▸ **Data records**
------------------------------------

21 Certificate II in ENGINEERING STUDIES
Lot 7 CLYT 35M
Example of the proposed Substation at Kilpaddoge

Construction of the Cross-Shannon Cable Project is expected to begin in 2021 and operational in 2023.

------------------------------------

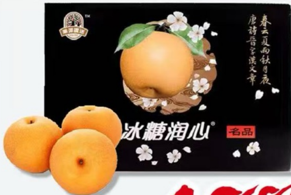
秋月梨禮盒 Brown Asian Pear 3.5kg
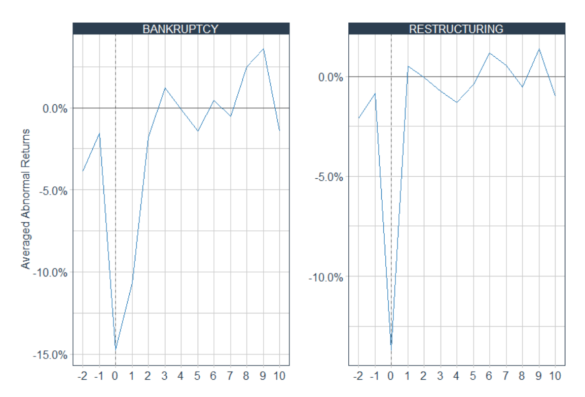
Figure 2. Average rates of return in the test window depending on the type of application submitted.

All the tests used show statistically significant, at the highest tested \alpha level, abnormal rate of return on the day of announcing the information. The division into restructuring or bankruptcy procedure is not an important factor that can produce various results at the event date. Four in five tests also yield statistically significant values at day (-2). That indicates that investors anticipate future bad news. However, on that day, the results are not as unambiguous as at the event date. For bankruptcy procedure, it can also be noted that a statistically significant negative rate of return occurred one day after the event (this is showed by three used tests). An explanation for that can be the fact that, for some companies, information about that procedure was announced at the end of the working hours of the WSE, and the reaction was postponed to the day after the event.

------------------------------------

▸ **What this task involves**
Among the lines above, find those holding "return" and copy each one.

▸ **Your solution**
Figure 2. Average rates of return in the test window depending on the type of application submitted.
All the tests used show statistically significant, at the highest tested \alpha level, abnormal rate of return on the day of announcing the information. The division into restructuring or bankruptcy procedure is not an important factor that can produce various results at the event date. Four in five tests also yield statistically significant values at day (-2). That indicates that investors anticipate future bad news. However, on that day, the results are not as unambiguous as at the event date. For bankruptcy procedure, it can also be noted that a statistically significant negative rate of return occurred one day after the event (this is showed by three used tests). An explanation for that can be the fact that, for some companies, information about that procedure was announced at the end of the working hours of the WSE, and the reaction was postponed to the day after the event.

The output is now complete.